> _WHAT THIS TASK INVOLVES_: Look through the data below and output, unchanged, every line from the one holding "угольной промышленности региона." through the one holding "其实我特别能理解,除了极度恐", inclusive. Skip the pictures.

> _DATA PROVIDED_:
- - - - -

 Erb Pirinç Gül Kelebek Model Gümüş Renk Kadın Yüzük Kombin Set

- - - - -

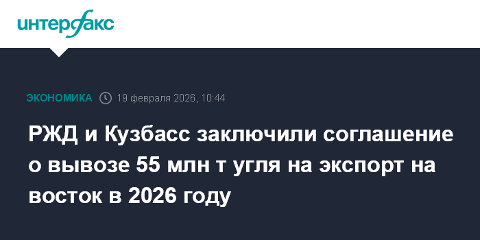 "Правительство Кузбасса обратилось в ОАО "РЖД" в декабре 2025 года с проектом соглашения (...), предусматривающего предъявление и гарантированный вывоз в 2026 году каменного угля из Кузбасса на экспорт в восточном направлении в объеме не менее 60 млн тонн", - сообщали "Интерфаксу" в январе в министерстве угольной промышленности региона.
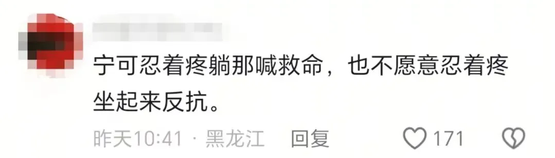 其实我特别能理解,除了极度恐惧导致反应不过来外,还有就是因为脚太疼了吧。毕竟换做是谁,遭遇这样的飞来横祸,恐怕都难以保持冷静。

- - - - -

> _TASK ANSWER_:
 "Правительство Кузбасса обратилось в ОАО "РЖД" в декабре 2025 года с проектом соглашения (...), предусматривающего предъявление и гарантированный вывоз в 2026 году каменного угля из Кузбасса на экспорт в восточном направлении в объеме не менее 60 млн тонн", - сообщали "Интерфаксу" в январе в министерстве угольной промышленности региона.
 其实我特别能理解,除了极度恐惧导致反应不过来外,还有就是因为脚太疼了吧。毕竟换做是谁,遭遇这样的飞来横祸,恐怕都难以保持冷静。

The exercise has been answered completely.